The politics of dead authorship.

Well, if anyone thought the Conan Doyle Estate, Ltd. was just going to call it a day after the "Free Sherlock" loss in court, they now should know differently. The Estate apparently has decided the upcoming movie "Mr. Holmes" featuring Ian McKellen is going to make enough money that it's worth suing. Not that we all didn't know this movie was in production for quite some time, or that the book it was adapted from has been on the shelves for what now . . . nine years?

The backlash on the internet has been freely verbalized -- I seem to remember the phrase "die in a fire" used at some point. (Which always seemed the secular version of "burn in Hell" to me, though it probably just is used more as "Go away, with pain.") The Doyle Estate appears to be viewed a lot like a literary "patent troll" to many, which is probably is always going to be the case when the linking between services rendered and payment becomes as tenuous as it is with non-descendent copyright holders.  Does the Estate care about being popular with the fans? Probably not, as fans don't render lawsuit judgements or stop seeing big screen Holmes movies if they don't have Estate approval.

But it's interesting to look back at the political side of the Conan Doyle copyrights where the fans are concerned, as it has gone a couple of different ways over the years. The Baker Street Irregulars and Conan Doyle's son Adrian had their issues when he controlled the copyright, but when the copyright went away and came back . . . this time in the hands of Adrian's little sister, then a nice elderly sort, members of that same group were much more in her corner. And why wouldn't they be? Nobody wants to steal cookies from a nice old lady who might let you have a look at the recipe if you treat her right.

These days it's a bit messier. There is no one face to the Conan Doyle estate, an Adrian or a Dame Jean, unless it's a certain fellow who couldn't be more on the outs with the Irregulars. And while the U.S. courts freed the basic character of Sherlock Holmes, the character of retired Sherlock Holmes from "The Lion's Mane" seems pretty tightly held in their legal grip with the copyright to that single story. (Though a few details of Holmes's retirement -- "a small farm upon the downs five miles from Eastbourne,"  "rheumatism," and dividing his time "between philosophy and agriculture" -- appear in the out-of-copyright preface to His Last Bow.) And Sherlock Holmes fandom is a lot bigger than the Irregulars and their scions now, energetically zigging and zagging about in ways that make you wonder if they even have time to spare to worry overmuch about court battles that probably shan't affect them.

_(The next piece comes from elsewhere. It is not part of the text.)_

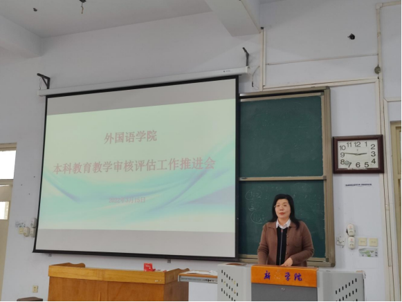 为顺利迎接本科教育教学审核评估工作,3月15日下午,外国语学院在A11-422召开本科教育教学审核评估工作推进会。党委书记田大治、院长李艳叶、副书记武敏、副院长王红梅、朱瑶瑶以及全体教师参加推进会。会议由院长李艳叶教授主持。
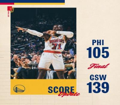 体育资讯1月3日报道宣称 NBA常规赛,勇士139-105大胜76人。

When it's all over and done, the adventures of the Conan Doyle Estate, Ltd. is going to make a decent read in The Baker Street Journal -- maybe even a special "Christmas annual" of that same magazine. And one day those adventures will be over, as time gets to everything, eventually.

For now, though, it looks like there's a bit more to be written, about the Conan Doyle Estate, Ltd., if not about Sherlock Holmes from the pen of Sir Arthur Conan Doyle. We only get to see these sort of issues when that pen has long ago stopped writing stories or signing checks.